— Required action —
Below are entries. Give back exactly the lines from the one containing "Même sans écran" through the one containing "中泰证券:顺络电子:23Q1", inclusive, without the pictures.

— Records for the exercise —
════════════════════

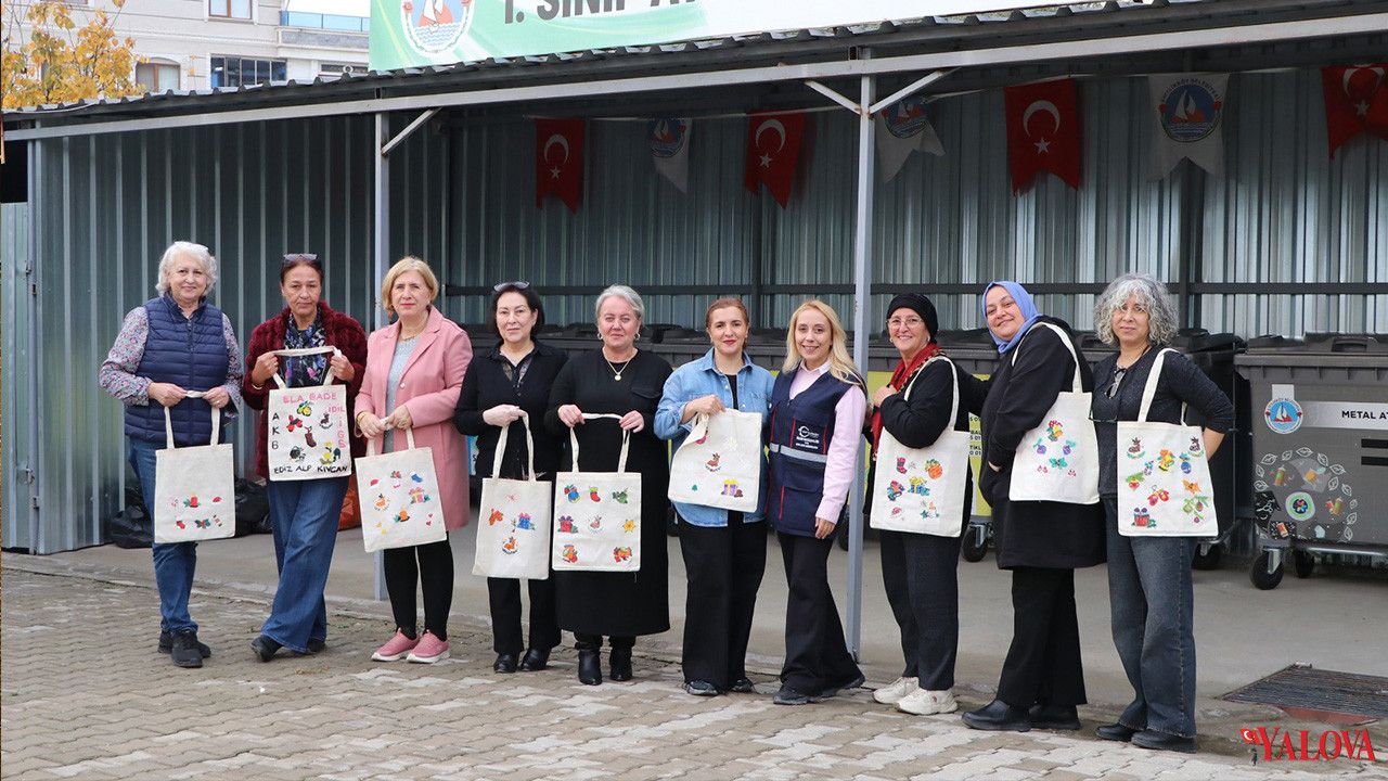 Çiftlikköy Belediyesi İklim Değişikliği ve Sıfır Atık Müdürlüğü’nde bez çanta atölye çalışması gerçekleştirildi. Etkinliğe Çiftlikköy Belediye Başkanı Adil Yele’nin eşi Yeşim Yele’nin yanı sıra Sahil Mahallesi Muhtarı Özlem Yılmaz da katıldı. Belediye Sıfır Atık Tesisleri’nde yapılan etkinlikte bez çantalara çeşitli figürler çizen kadınlar, ardından akrilik boyalarla figürlerini renklendirdi. Rengarenk boyalarla çeşitli desenler oluşturan ekip, etkinlik sonrasında bez çantalarıyla birlikte hatıra fotoğrafı çekildi. Etkinliğe ev sahipliği yapan Belediye İklim Değişikliği ve Sıfır Atık Müdürü Emine Yeşim Aras, geri dönüşümden elde edilen malzemelerle imal edilen bez çantaları daha şık bir görünüme kavuşturmak amacıyla yapılan atölye çalışmasında, aynı zamanda birer tasarım da oluşturulduğunu ifade etti. Aras, “Böylece geri dönüşüme katkı sağlandığı gibi, etkinliğe katılan kadınlarımız kendi estetik anlayışları doğrultusunda el becerilerini de geliştirmiş oluyor” diye bilgi verdi.
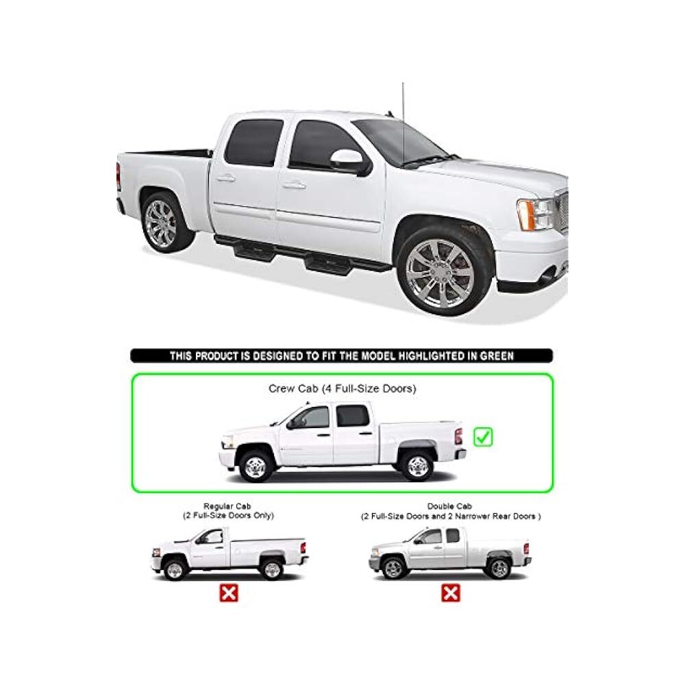 Stainless Steel Truck Steps, Rocker Panel Guards for Crew Cab 01,07 Chevy/GMC Description Product Description Enhance the look and functionality of your Chevy Silverado or GMC Sierra Crew Cab (2001-2007) with these durable Stainless Steel Nerf Bars. These 6.5-inch Pocket Steps offer a reliable step for passengers and protect your vehicle's rocker panels from damage. Constructed from robust square tube stainless steel, these rocker guards offer lasting strength and a sleek, professional appearance. Product Features 6.5-inch Pocket Steps Protects rocker panels from damage Constructed from robust square tube stainless steel Offers a reliable step for passengers Sleek, professional appearance Family-friendly design Built to withstand everyday use and off-road excursions Technical Specifications Vehicle Compatibility: Chevy Silverado & GMC Sierra Crew Cab (2001-2007) Material: Stainless Steel (Square Tube) Step Width: 6.5 inches Delivery We Do Not Ship Outside of the Continental US. Return Policy All items qualify for returns within 30 days of receipt. Buyer is responsible for return shipping on any item that is not damaged. Feedback We take our reputation seriously, we buy and sell online, so we understand the value of trust. If you are unsatisfied with your order, please contact us and we will work with you to resolve it to your satisfaction.
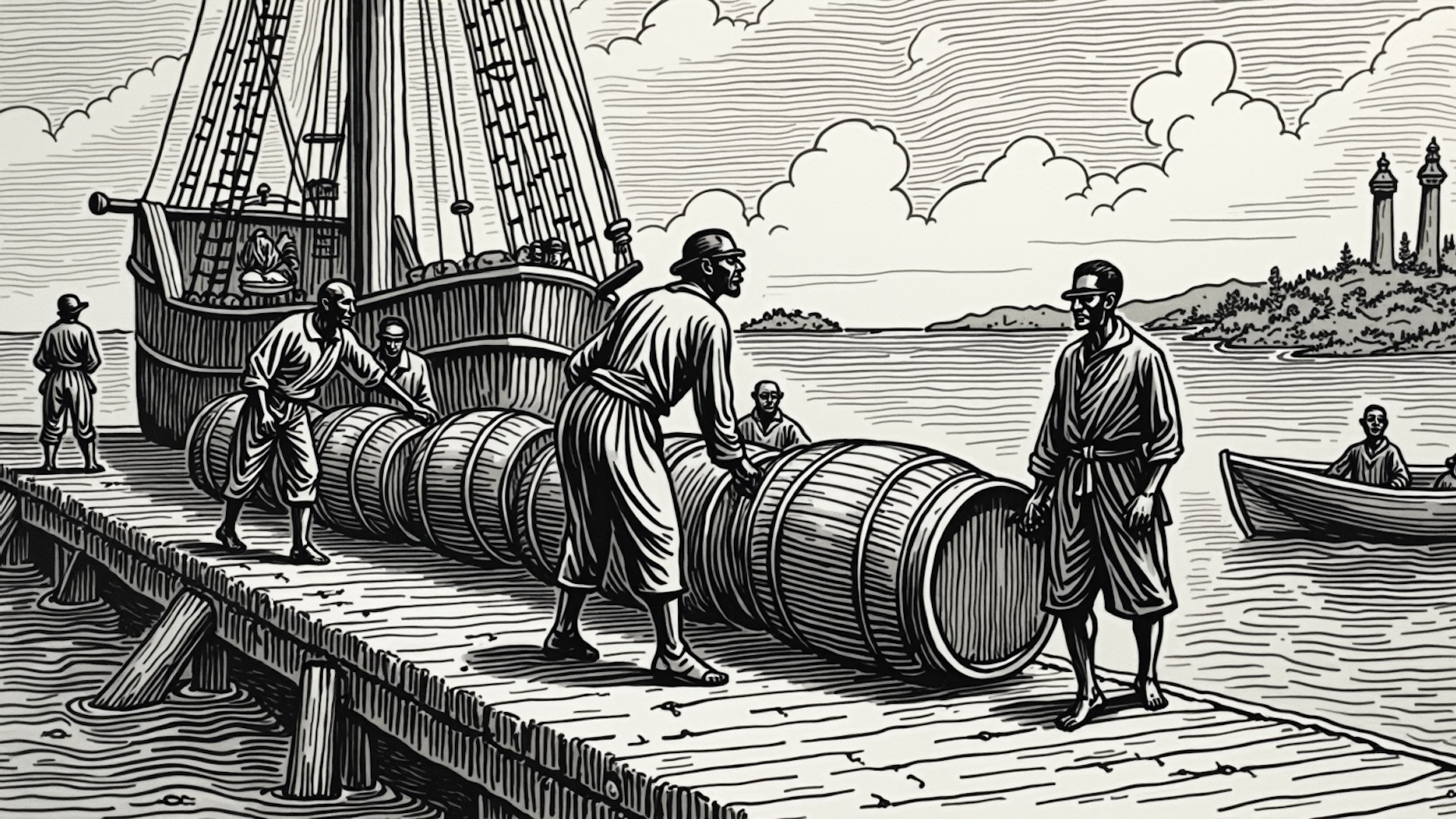 However, intensive sugarcane cultivation produced an abundant and cumbersome byproduct: molasses. This black, syrupy residue, derived from the extraction of crystallized sugar, was initially seen as waste. It was produced in massive quantities (3 kg of molasses for every 4 kg of sugar) and had no immediate use. Due to its low economic value, molasses wasn’t worth exporting by ship—it took up too much space, and Europeans had no interest in it. By the 1680s, reports show that the French were dumping more than 1.5 million liters of molasses into the ocean annually. In tropical climates, where heat accelerated decomposition, its accumulation attracted insects and caused nuisances.
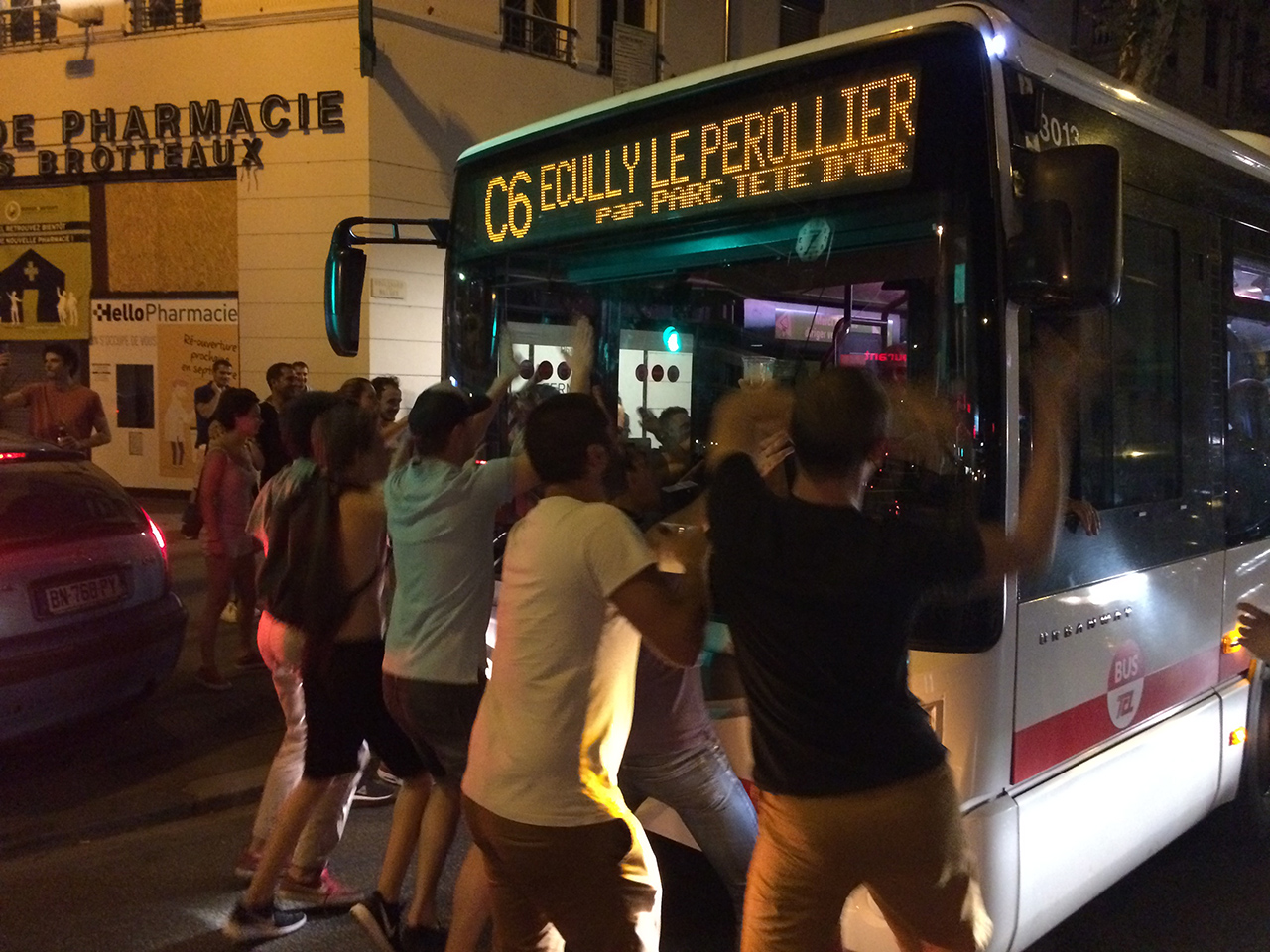 Même sans écran géant ni fan zone, Lyon est capable de faire la fête. Reste à savoir si la mairie cèdera à la pression populaire pour permettre au plus grand nombre de vivre l'évènement historique depuis la place Bellecour dimanche.
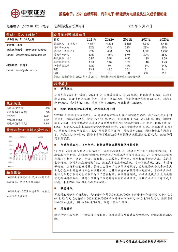 中泰证券:顺络电子:23Q1业绩平稳,汽车电子+新能源为电感龙头注入成长新动能.pdf
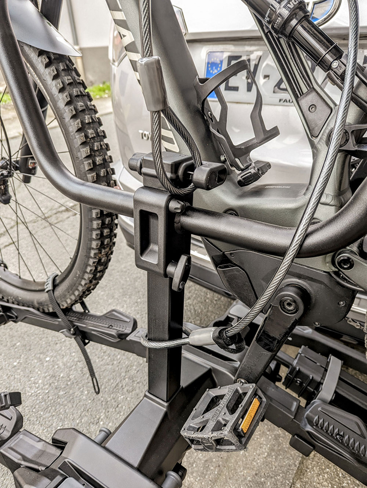 Ein 10 mm starkes, doppelschlaufiges Kabel wird mitgeliefert und kann mit der vorhandenen Verriegelung des Fahrradträgers verwendet werden
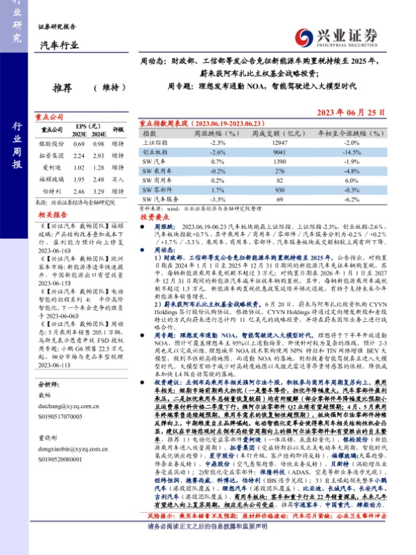 【兴业证券】【20230625】汽车周动态:财政部、工信部等发公告免征新能源车购置税持续至2025年,蔚来获阿布扎比主权基金战略投资;周专题:理想发布通勤NOA,智能驾驶进入大模型时代-17页 行业研究
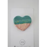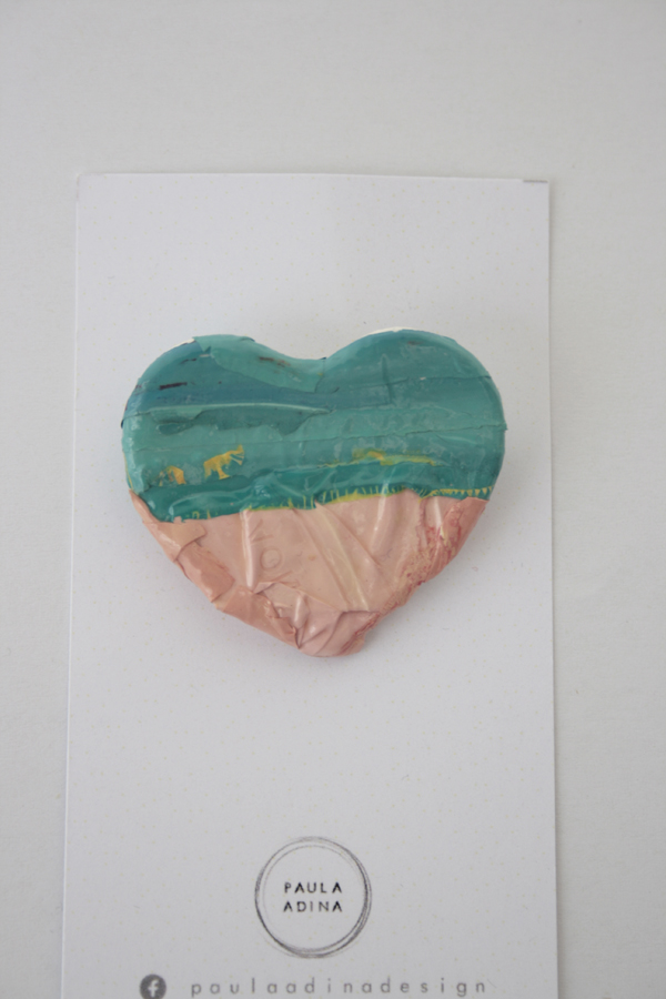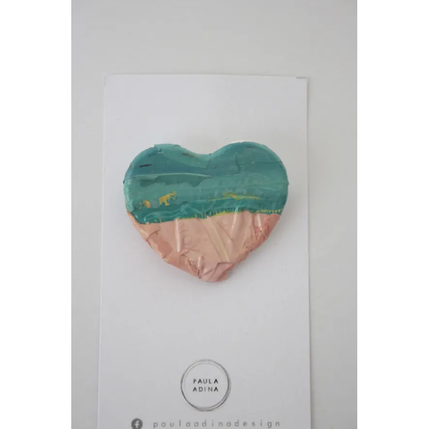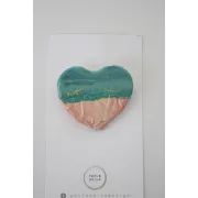 Brosa in forma de inima, realizata din lut peste care am aplicat vopsea acrilica si un strat de vernis. Prinderea se face cu ac de brosa din inox.

════════════════════

— Result below —
 Même sans écran géant ni fan zone, Lyon est capable de faire la fête. Reste à savoir si la mairie cèdera à la pression populaire pour permettre au plus grand nombre de vivre l'évènement historique depuis la place Bellecour dimanche.
 中泰证券:顺络电子:23Q1业绩平稳,汽车电子+新能源为电感龙头注入成长新动能.pdf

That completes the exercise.